I want find the biggest submatrix which contains only negative numbers in a matrix, for example:

In

[[1,  -9, -2,   8,  6,  1],    

 [8,  -1,-11,  -7,  6,  4],    

 [10, 12, -1,  -9, -12, 14],    

 [8, 10, -3,  -5,  17,  8],    

 [6,  4, 10, -13, -16, 19]]

the biggest submatrix containing only negative numbers is

[[-11, -7],

 [-1, -9],

 [-3,-5]]

(left upper corner coordinates: 1,2, right lower corner coordinates: 3,3).

What's the most effective way to do it?

A brute force solution. Will work, but may be considered too slow for a bigger matrix:

mOrig = [[1,  -9, -2,   8,  6,  1],

    [8,  -1,-11,  -7,  6,  4],

    [10, 12, -1,  -9, -12, 14],

    [8, 10, -3,  -5,  17,  8],

    [6,  4, 10, -13, -16, 19]]



# reduce the problem

# now we have a matrix that contains only 0 and 1

# at the place where there was a negative number

# there is now a 1 and at the places where a positive

# number had been there is now a 0. 0s are considered

# to be negative numbers, if you want to change this,

# change the x < 0 to x <= 0.

m = [[1 if x < 0 else 0 for x in z] for z in mOrig]

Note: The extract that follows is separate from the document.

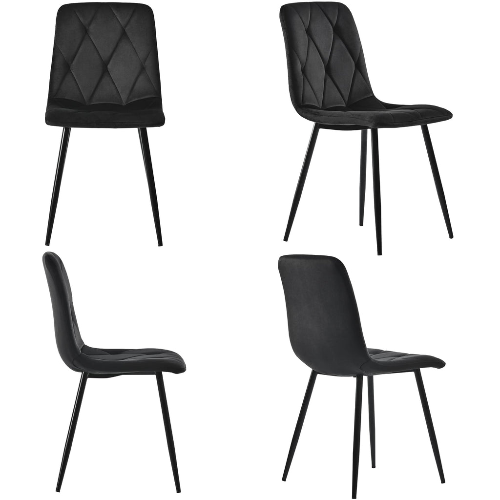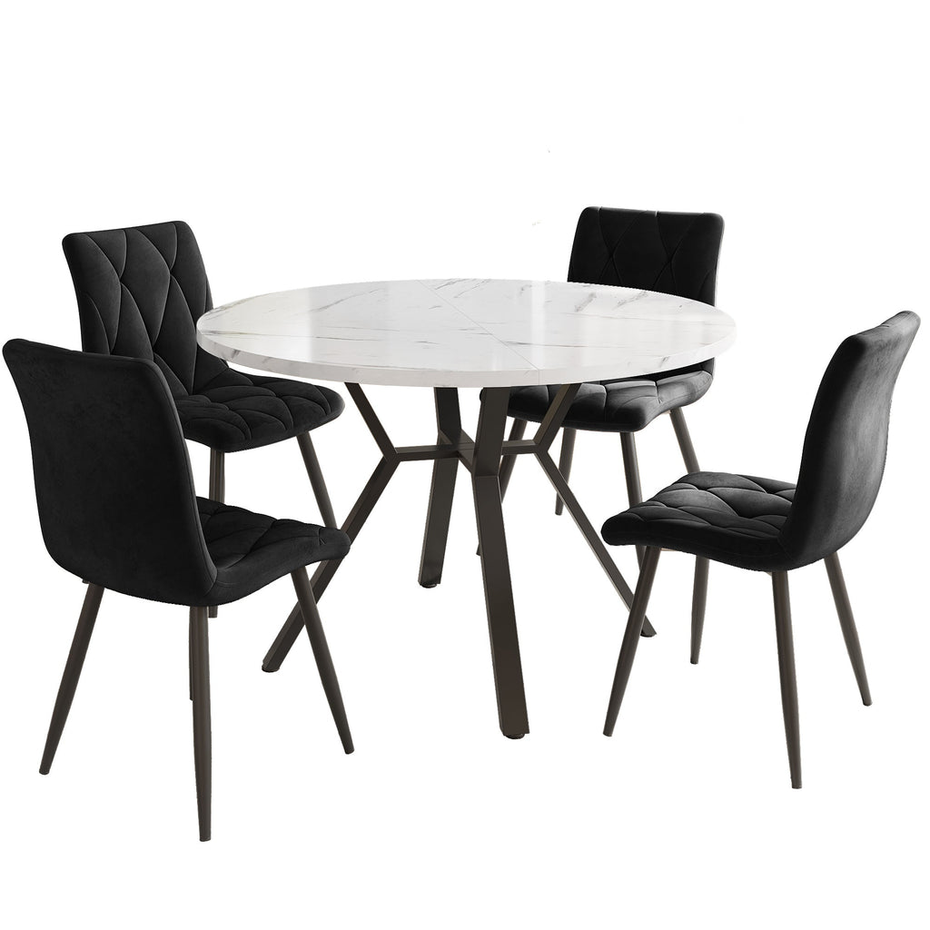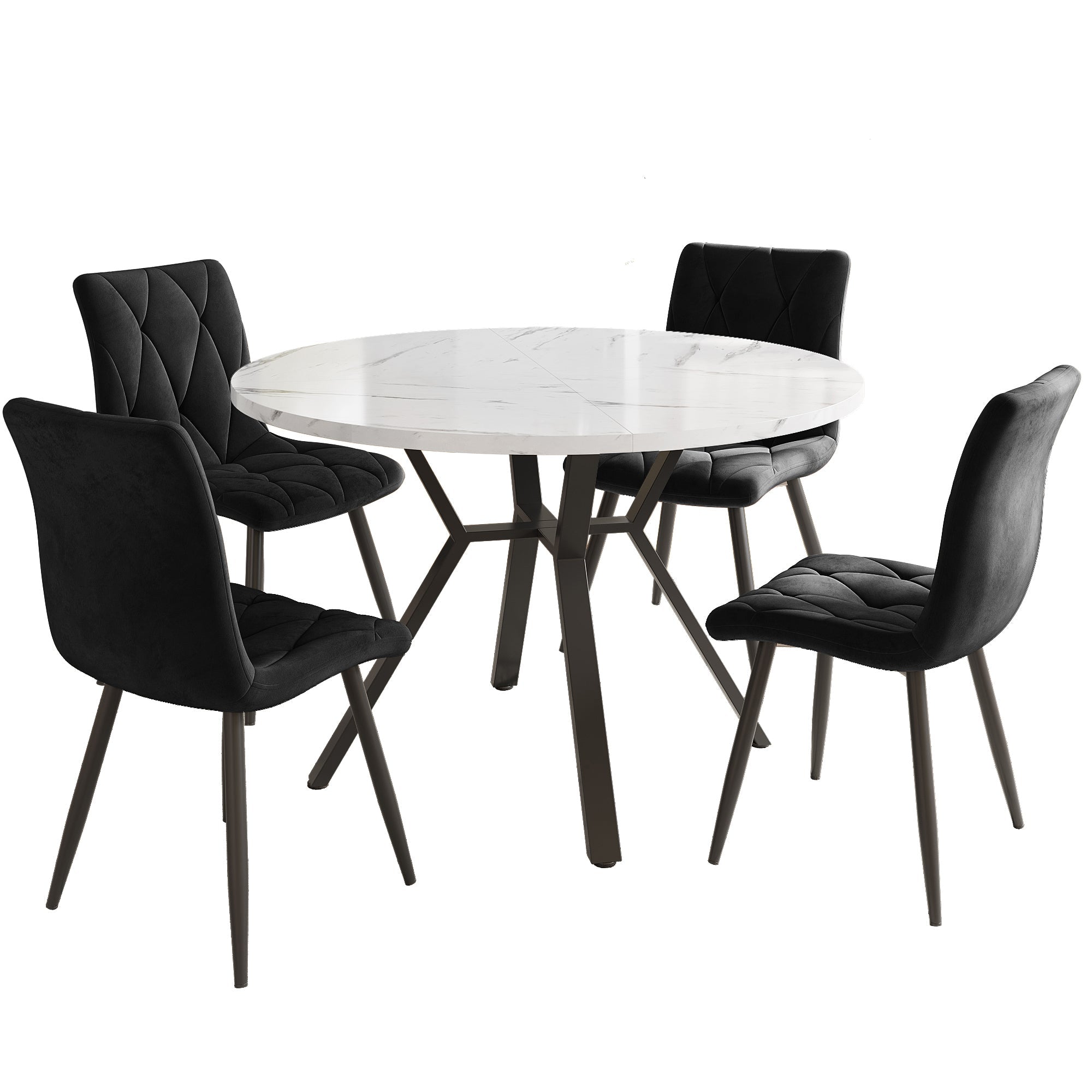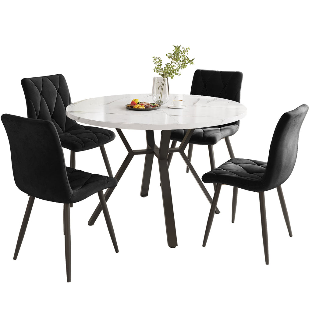 Dining Table and Chair Set, 5-Piece Modern Round Marble with Black Suede Chairs

# now we have the problem to find the biggest submatrix

# consisting only 1s.



# first a function that checks if a submatrix only contains 1s

def containsOnly1s(m, x1, y1, x2, y2):

    for i in range(x1, x2):

        for j in range(y1, y2):

            if m[i][j] == 0:

                return False

    return True



def calculateSize(x1, y1, x2, y2):

    return (x2 - x1) * (y2 - y1)



best = (-1, -1, -1, -1, -1)

for x1 in range(len(m)):

    for y1 in range(len(m[0])):

        for x2 in range(x1, len(m)):

            for y2 in range(y1, len(m[0])):

                if containsOnly1s(m, x1, y1, x2, y2):

                    sizeOfSolution = calculateSize(x1, y1, x2, y2)

                    if best[4] < sizeOfSolution:

                        best = (x1, y1, x2, y2, sizeOfSolution)

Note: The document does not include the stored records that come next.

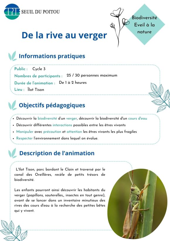 - Sortie nature (autour de l’école ou plus loin : Pinail, Espaces Naturels Sensibles…)
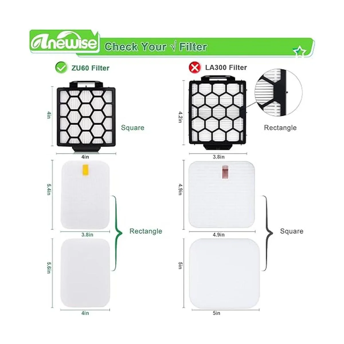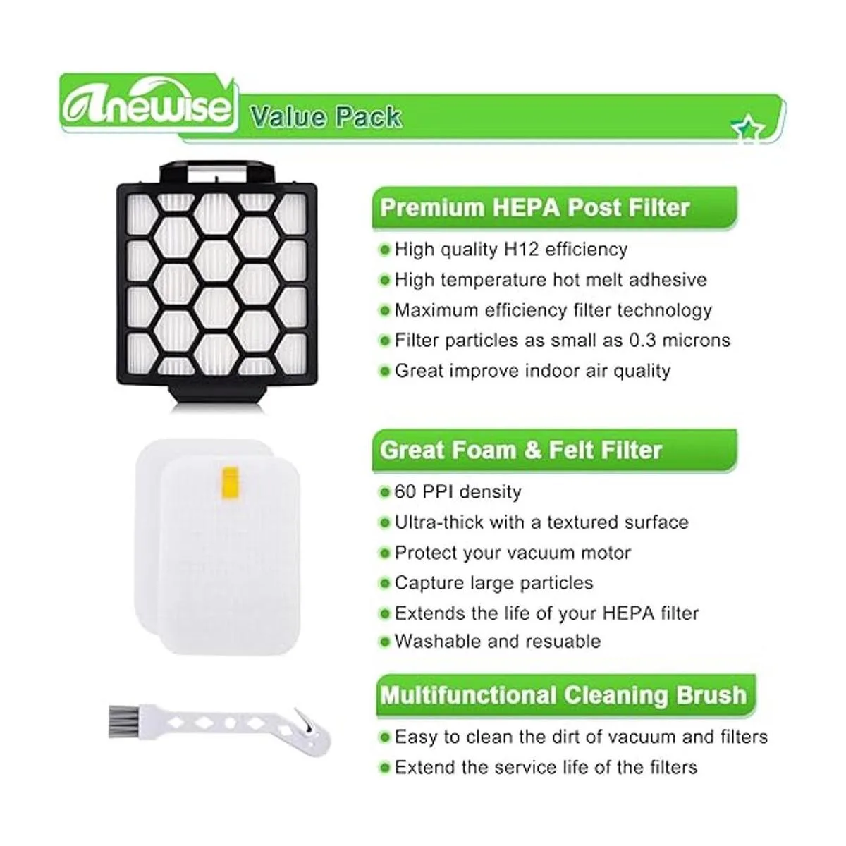 Anewise Filtro de repuesto para Shark Navigator ZeroM Pet Pro ZU60 ZU62 ZU62C NV150 NV150C NV151 NV251 Rotator Pet Plus NV255 Aspiradora vertical, 2 HEPA 6 filtros de espuma y fieltro, en comparación con la parte 1238FT60 y 1239FT6FT6FT6FT6 0 0
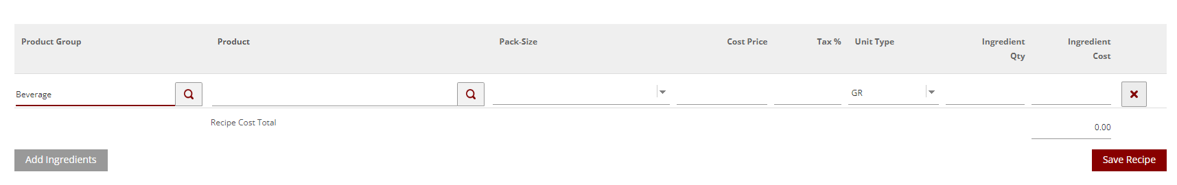 - The old method for recipe creation has a product addition process in a slightly different manner where you need to click on Add Ingredients followed by updating other details as listed below.
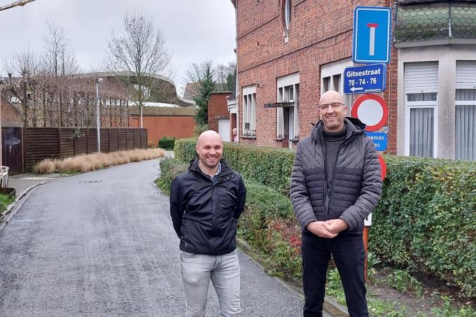 “Tussen de woningen is daar een klein doodlopend straatje dat ook als nooduitgang fungeert voor onze school. Die toegang wordt tot het einde van dit schooljaar de voorlopige tweede ingang van de school. Om alles veilig te laten verlopen zijn er ook wat wijzigingen in de Gitsestraat zelf. Die krijgt vanaf maandag 8 januari voor zes maanden eenrichtingsverkeer vanaf de Steenstraat richting Hoogleedsesteenweg. Er komt ter hoogte van de ingang een kiss-&-ride-zone. We zorgen ‘s morgens vanaf acht uur daar voor toezicht, zodat ouders niet nodeloos of te lang parkeren.”
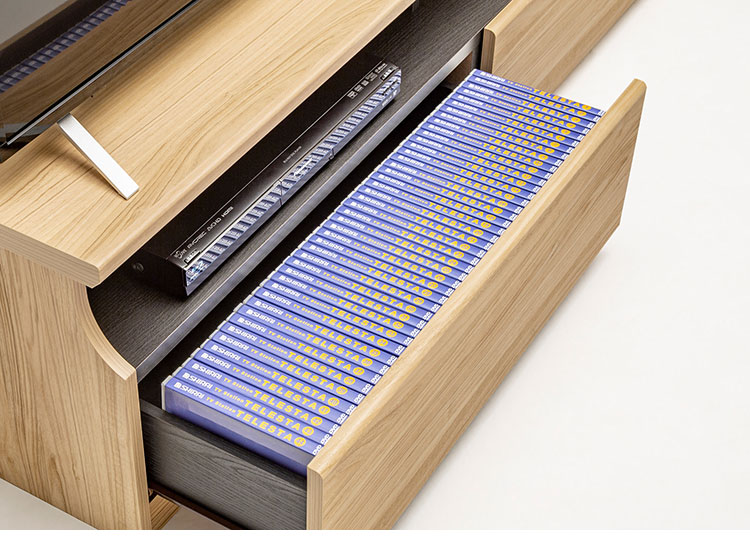 ・スチール製で丈夫なスライドレールの引き出しには、左右それぞれ44枚、計88枚のDVDが入ります。
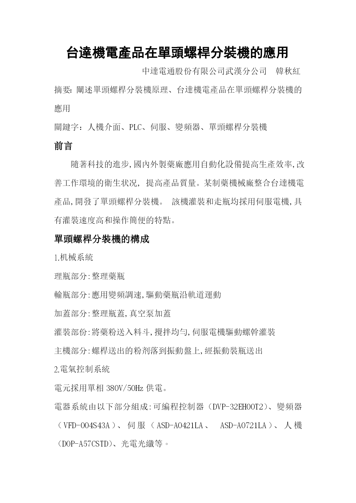 台達機電產品在單頭螺桿分裝機的應用中達電通股份有限公司武漢分公司韓秋紅摘要:闡述單頭螺桿分裝機原理、台達機電產品在單頭螺桿分裝機的應用關鍵字:人機介面、PLC、伺服、變頻器、單頭螺桿分裝機前言隨著科技的進步,國內外製藥廠應用自動化設備提高生產效率,改善工作環境的衛生状况,提高產品質量。某制藥機械廠整合台達機電產品,開發了單頭螺桿分裝機。該機灌裝和走瓶均採用伺服電機,具有灌裝速度高和操作簡便的特點。單頭螺桿分裝機的構成1.机械系統理瓶部分:整理藥瓶輸瓶部分:應用變頻調速,驅動藥瓶沿軌道運動加蓋部分:整理瓶蓋
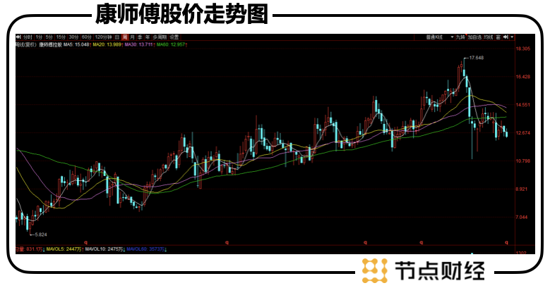今年2月底之后,康師傅的股價(jià)開(kāi)始了一輪暴跌。截至6月16日收盤(pán),其股價(jià)為12.48港元/股,相較2月23日其17.65港元/股的歷史最高點(diǎn),下跌幅度約為29.29%。
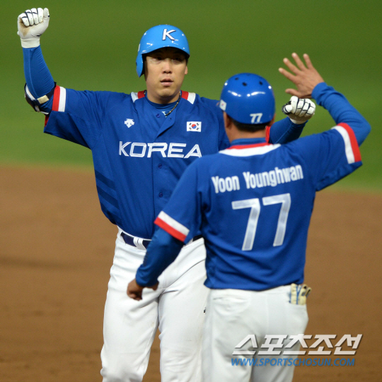 2014 인천 아시안게임 야구 결승전 한국과 대만의 경기가 28일 인천 문학구장에서 열렸다. 8회초 1사 1루, 김현수가 우익수 앞 적시타를 치고 기뻐하고 있다.
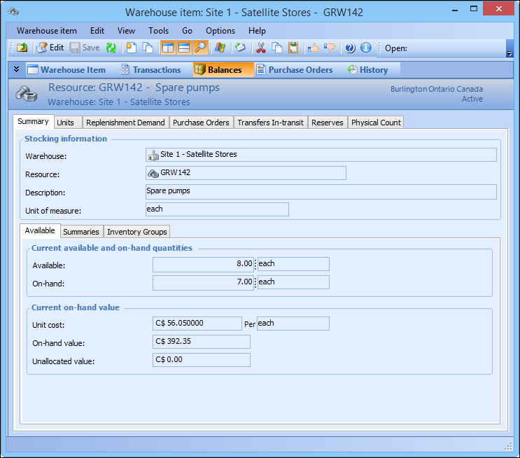 5. Select the Summary tab, and then the Available tab to view current available and on-hand quantities as well as current on-hand values.

for x in range(best[0], best[2]):

    print("t".join([str(mOrig[x][y]) for y in range(best[1], best[3])]))

Will output

-11 -7

-1  -9

-3  -5

In case something else is meant with "biggest submatrix", the only function that needs to get changed is the following:

def calculateSize(x1, y1, x2, y2):

    return (x2 - x1) * (y2 - y1)

which is calculating the size of a submatrix.

Edit 1 ... first speedup

best = (-1, -1, -1, -1, -1)

for x1 in range(len(m)):

    for y1 in range(len(m[0])):

        if m[x1][y1] == 1: # The starting point must contain a 1

            for x2 in range(x1 + 1, len(m)): # actually can start with x1 + 1 here

                for y2 in range(y1 + 1, len(m[0])):

                    if containsOnly1s(m, x1, y1, x2, y2):

                        sizeOfSolution = calculateSize(x1, y1, x2, y2)

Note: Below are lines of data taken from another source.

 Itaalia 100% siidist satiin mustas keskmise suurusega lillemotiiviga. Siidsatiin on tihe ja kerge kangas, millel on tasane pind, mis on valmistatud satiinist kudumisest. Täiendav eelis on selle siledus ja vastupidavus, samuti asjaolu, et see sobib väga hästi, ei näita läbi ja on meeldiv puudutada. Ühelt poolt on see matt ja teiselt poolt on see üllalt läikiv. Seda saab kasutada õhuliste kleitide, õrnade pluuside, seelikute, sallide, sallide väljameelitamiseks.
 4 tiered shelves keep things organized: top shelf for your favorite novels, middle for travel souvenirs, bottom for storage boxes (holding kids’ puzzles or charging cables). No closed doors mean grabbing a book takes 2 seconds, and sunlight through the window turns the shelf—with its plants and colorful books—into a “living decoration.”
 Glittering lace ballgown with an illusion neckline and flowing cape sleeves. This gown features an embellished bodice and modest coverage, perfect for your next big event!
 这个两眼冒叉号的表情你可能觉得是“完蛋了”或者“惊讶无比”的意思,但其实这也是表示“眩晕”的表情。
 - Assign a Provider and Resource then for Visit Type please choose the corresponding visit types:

                        if best[4] < sizeOfSolution:

                            best = (x1, y1, x2, y2, sizeOfSolution)

                    else:

                        # There is at least one 0 in the matrix, so every greater

                        # matrix will also contain this 0

                        break

Edit 2

Ok, after converting the matrix into a matrix of 0 and 1 (as I do via the line m = [[1 if x < 0 else 0 for x in z] for z in mOrig] the problem is the same as what is called the maximal rectangle problem in literature. So I googled a bit about known algorithms for this kind of problem and came across this site here http://www.drdobbs.com/database/the-maximal-rectangle-problem/184410529 which is describing a very fast algorithm to solve this kind of problem. To summarize the points of this website, the algorithm is exploiting the structure. This can be done by using a stack in order to remember the structure profile which allows us to recalculate the width in case a narrow rectangle gets reused when an wider one gets closed.